EXERCISE DETAILS
The records beneath should be printed exactly, and the pictures are to be left out.

DATA RECORDS
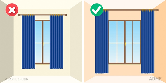 Якщо повісити штори не над самими вікнами, а ближче до стелі, вікна будуть здаватися більше, ніж є насправді.
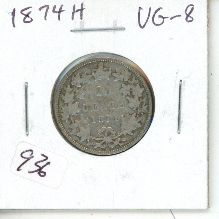 1874H Victorian Silver 25 Cents. Heaton Mint. VG-8.
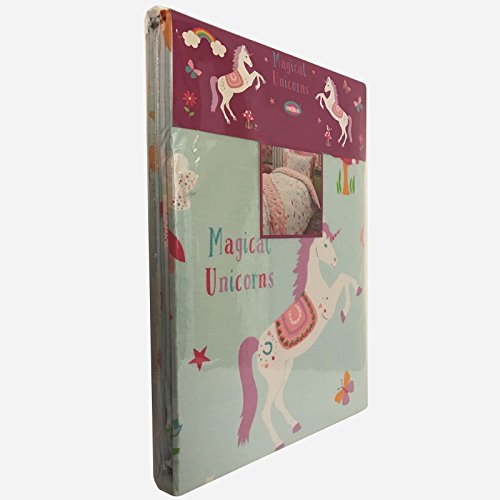 Your little princess will love this Magical Unicorn junior duvet cover set! The design features pretty unicorns and fairies on a pale blue background patterned with rainbows, toadstools and flowers, with a repeated rainbow design on a pink background on the reverse. This bedding set is made from a polycotton blend and is suitable for machine washing and tumble drying on a low setting. 0 |
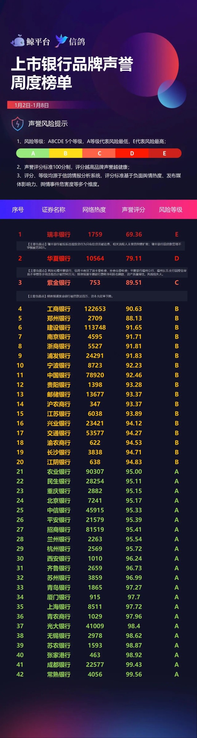 近年来,随着移动互联网的发达与自媒体的发展,声誉风险是金融机构面临的主要风险之一。为了帮助银行更好地提高合规意识和品牌形象,财联社旗下鲸平台,联合舆情分析系统产品-信鸽,以权威法规为指导,利用专业大数据技术,共同制定了声誉风险评分体系,于每周发布上市银行品牌声誉周度榜单。(注:文章内容来源于网络公开素材整理)
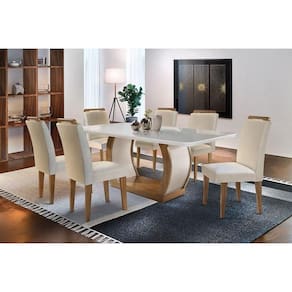 Sala de Jantar Completa Jade Tampo Madeirado c/ Vidro Canto Curvo 180x90cm e 6 Cadeiras Athenas Capuccino/Suede Creme - Rufato Abaixo segue os produtos do KIT: Sala de Jantar Completa Jade Tampo Madeirado c/ Vidro Canto Curvo 180x90cm e 6 Cadeiras Athenas Capuccino/Suede Creme - Rufato
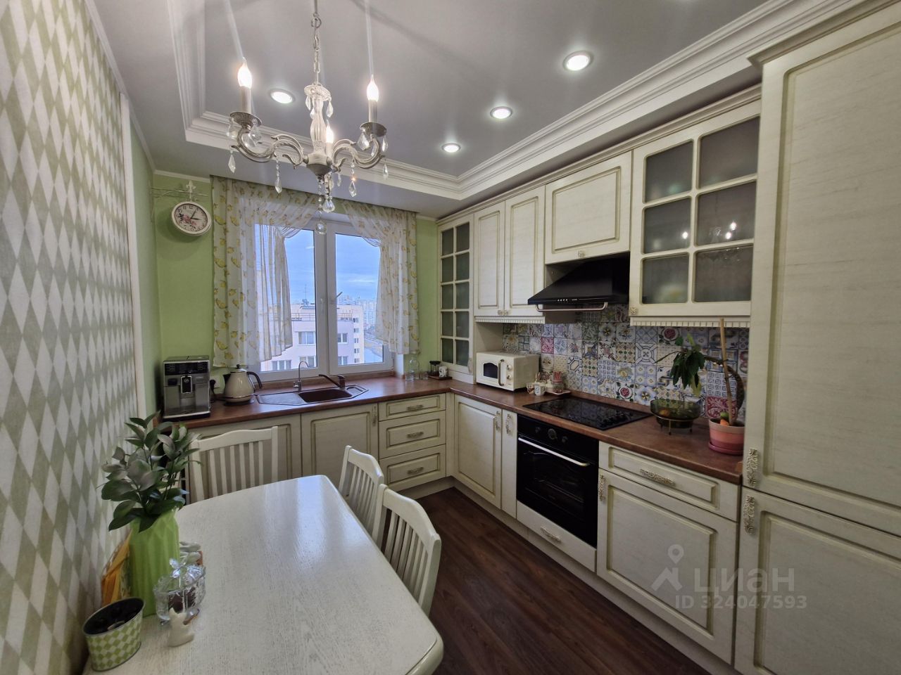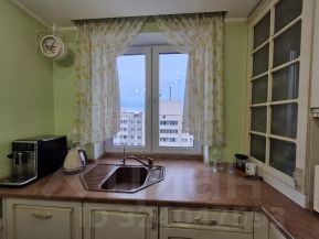 В квартире остаются встроенные шкафы (в коридоре, спальне, на кухне и ванной комнате); кухонный гарнитур в итальянском стиле, со встроенной техникой: варочная поверхность, духовой шкаф и вытяжка Gorenje, посудомоечная машина Bosch, холодильник Whirlpool.
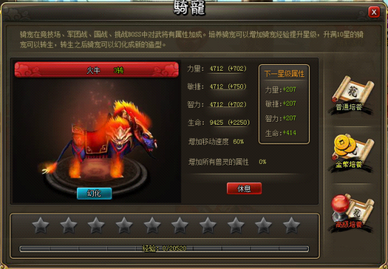 全民普及,绿色出行,新版骑宠大变身,价格超低,性价比超高!培养至的卢只需1000金币,培养至冰狼只需3000金币,培养至火牛只需6000金币……
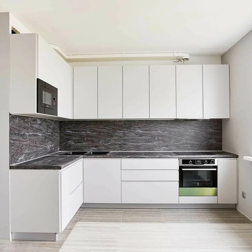 Кухня в белом глянцевом исполнении с серой столешницей является популярным выбором для современных интерьеров. Этот дизайн придает кухне чистоту, свет и простор, а также создает ощущение стильной элегантности.
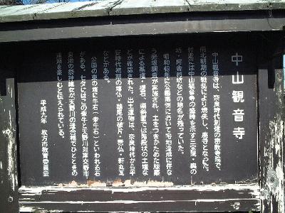 境内はかなり広いので掘ればかなりの遺構も期待される。 そこから歩いて25分天の川を挟んで香里団地の一角にぽつんと取り残されたような高台がある。中山観音寺跡である。今は団地開発でほとんど消失しているが出土品に瓦類他方形三尊磚仏や青銅製の懸仏 北宋銭などがある。特に
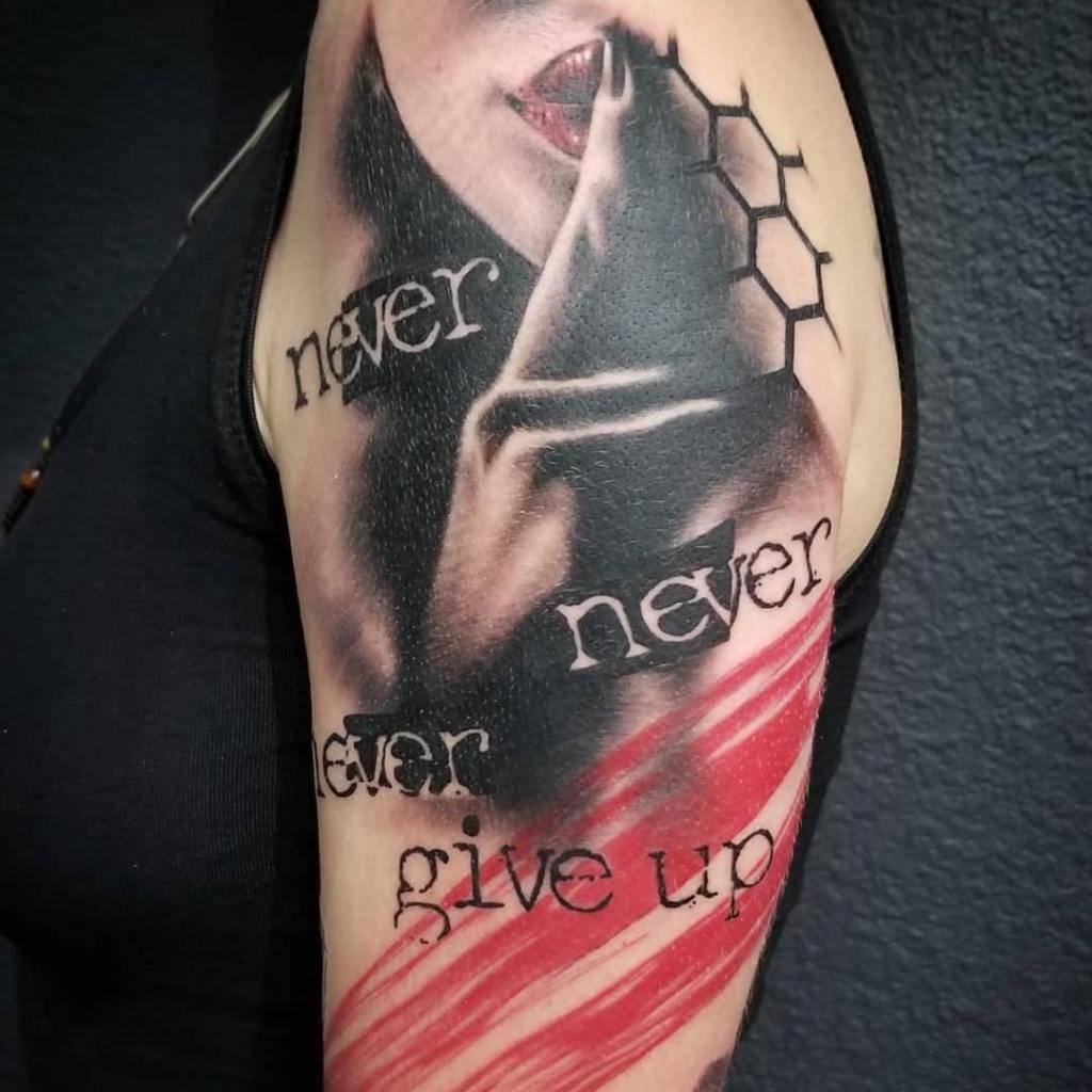 Трэш Полька тату эскизы – это возможность дополнить нательную картину элементами дружественных жанров (дотворк, реализм, лайнворк), глубокомысленными надписями печатным шрифтом. В результате татуировка ассоциируется с визиткой владельца, сообщая о его политической позиции, музыкальных пристрастиях, религиозных предпочтениях.
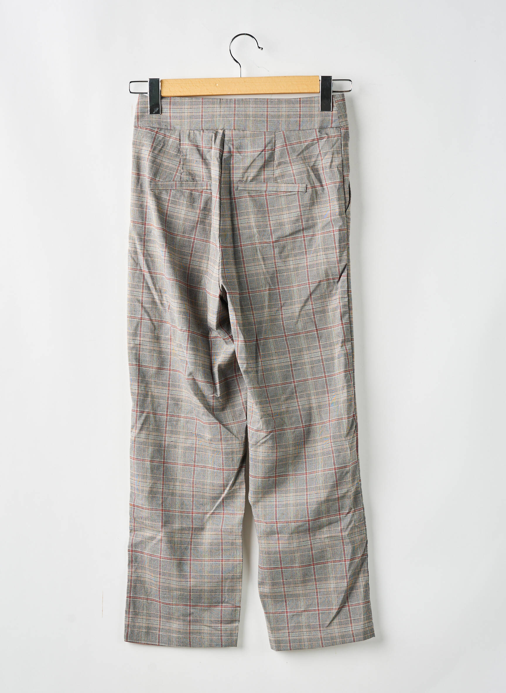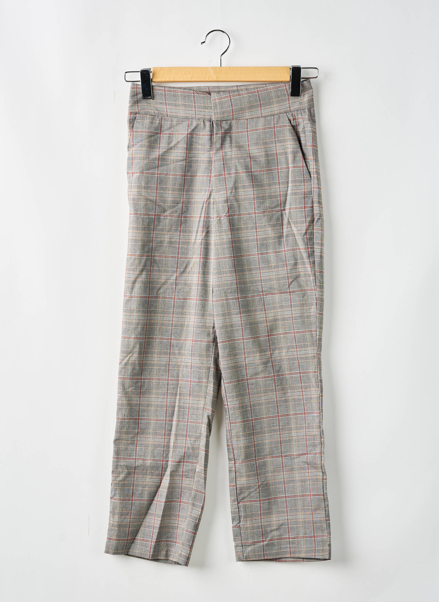 Pantalon Droit Sans Marque Gris Taille Haute
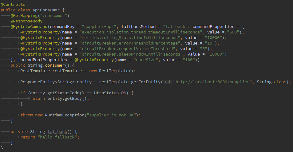 이제 Hystrix를 사용할 준비가 다 끝났습니다. 적용하고 싶은 메서드에 @HystrixCommand 애너테이션을 달고 전략에 맞는 설정값을 주면 됩니다.
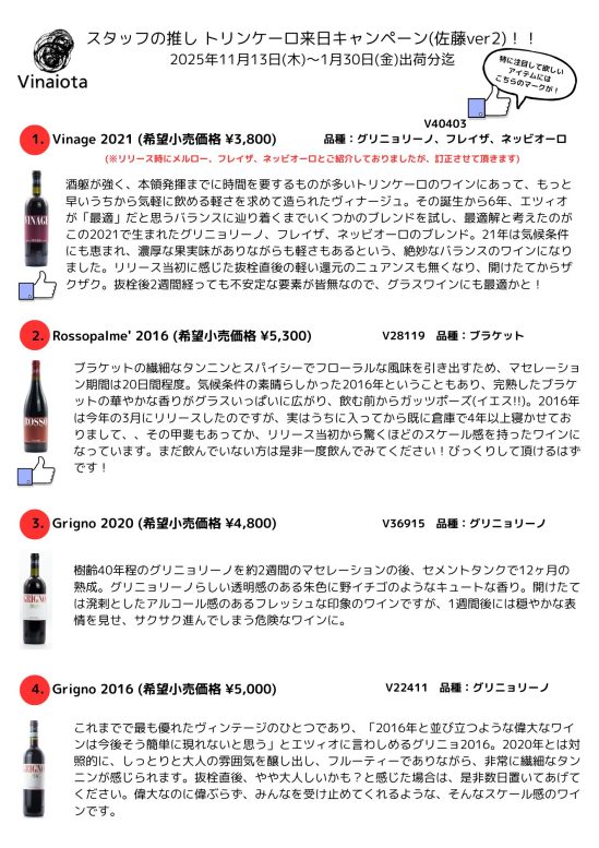 みなさまこんにちは!ヴィナイオータに入社して間もなく丸12年、ここ最近、他のスタッフが紹介してくれる時の枕詞が「最古参」になっている(笑)つくば本社小神野事務所の佐藤です。4月には、こちらの「スタッフの推し」キャンペーンでオーストラリアの造り手2軒を推させて頂きましたが、年内最後となる今回はもちろん!間もなく来日してくれるトリンケーロを激推しさせていただきます!
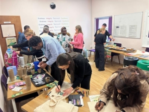 The event brought together staff and service users for a drop‑in day filled with hands‑on activities designed to bring people together and encourage environmentally friendly habits. Attendees took part in seed planting, vegan food tasting, a recycling‑focused “bin challenge,” a sustainability quiz, and a creative tote bag‑for‑life design station. Throughout the day, presentations explored topics such as food waste, recycling, and the benefits of green space.
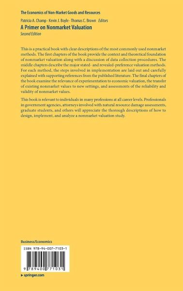 This is a practical book with clear descriptions of the most commonly used nonmarket methods. The first chapters of the book provide the context and theoretical foundation of nonmarket valuation along with a discussion of data collection procedures. The middle chapters describe the major stated- and revealed-preference valuation methods. For each method, the steps involved in implementation are laid out and carefully explained with supporting references from the published literature. The final chapters of the book examine the relevance of experimentation to economic valuation, the transfer of existing nonmarket values to new settings, and assessments of the reliability and validity of nonmarket values.

COMPLETED TASK
 Якщо повісити штори не над самими вікнами, а ближче до стелі, вікна будуть здаватися більше, ніж є насправді.
 1874H Victorian Silver 25 Cents. Heaton Mint. VG-8.
 Your little princess will love this Magical Unicorn junior duvet cover set! The design features pretty unicorns and fairies on a pale blue background patterned with rainbows, toadstools and flowers, with a repeated rainbow design on a pink background on the reverse. This bedding set is made from a polycotton blend and is suitable for machine washing and tumble drying on a low setting. 0 |
 近年来,随着移动互联网的发达与自媒体的发展,声誉风险是金融机构面临的主要风险之一。为了帮助银行更好地提高合规意识和品牌形象,财联社旗下鲸平台,联合舆情分析系统产品-信鸽,以权威法规为指导,利用专业大数据技术,共同制定了声誉风险评分体系,于每周发布上市银行品牌声誉周度榜单。(注:文章内容来源于网络公开素材整理)
 Sala de Jantar Completa Jade Tampo Madeirado c/ Vidro Canto Curvo 180x90cm e 6 Cadeiras Athenas Capuccino/Suede Creme - Rufato Abaixo segue os produtos do KIT: Sala de Jantar Completa Jade Tampo Madeirado c/ Vidro Canto Curvo 180x90cm e 6 Cadeiras Athenas Capuccino/Suede Creme - Rufato
 В квартире остаются встроенные шкафы (в коридоре, спальне, на кухне и ванной комнате); кухонный гарнитур в итальянском стиле, со встроенной техникой: варочная поверхность, духовой шкаф и вытяжка Gorenje, посудомоечная машина Bosch, холодильник Whirlpool.
 全民普及,绿色出行,新版骑宠大变身,价格超低,性价比超高!培养至的卢只需1000金币,培养至冰狼只需3000金币,培养至火牛只需6000金币……
 Кухня в белом глянцевом исполнении с серой столешницей является популярным выбором для современных интерьеров. Этот дизайн придает кухне чистоту, свет и простор, а также создает ощущение стильной элегантности.
 境内はかなり広いので掘ればかなりの遺構も期待される。 そこから歩いて25分天の川を挟んで香里団地の一角にぽつんと取り残されたような高台がある。中山観音寺跡である。今は団地開発でほとんど消失しているが出土品に瓦類他方形三尊磚仏や青銅製の懸仏 北宋銭などがある。特に
 Трэш Полька тату эскизы – это возможность дополнить нательную картину элементами дружественных жанров (дотворк, реализм, лайнворк), глубокомысленными надписями печатным шрифтом. В результате татуировка ассоциируется с визиткой владельца, сообщая о его политической позиции, музыкальных пристрастиях, религиозных предпочтениях.
 Pantalon Droit Sans Marque Gris Taille Haute
 이제 Hystrix를 사용할 준비가 다 끝났습니다. 적용하고 싶은 메서드에 @HystrixCommand 애너테이션을 달고 전략에 맞는 설정값을 주면 됩니다.
 みなさまこんにちは!ヴィナイオータに入社して間もなく丸12年、ここ最近、他のスタッフが紹介してくれる時の枕詞が「最古参」になっている(笑)つくば本社小神野事務所の佐藤です。4月には、こちらの「スタッフの推し」キャンペーンでオーストラリアの造り手2軒を推させて頂きましたが、年内最後となる今回はもちろん!間もなく来日してくれるトリンケーロを激推しさせていただきます!
 The event brought together staff and service users for a drop‑in day filled with hands‑on activities designed to bring people together and encourage environmentally friendly habits. Attendees took part in seed planting, vegan food tasting, a recycling‑focused “bin challenge,” a sustainability quiz, and a creative tote bag‑for‑life design station. Throughout the day, presentations explored topics such as food waste, recycling, and the benefits of green space.
 This is a practical book with clear descriptions of the most commonly used nonmarket methods. The first chapters of the book provide the context and theoretical foundation of nonmarket valuation along with a discussion of data collection procedures. The middle chapters describe the major stated- and revealed-preference valuation methods. For each method, the steps involved in implementation are laid out and carefully explained with supporting references from the published literature. The final chapters of the book examine the relevance of experimentation to economic valuation, the transfer of existing nonmarket values to new settings, and assessments of the reliability and validity of nonmarket values.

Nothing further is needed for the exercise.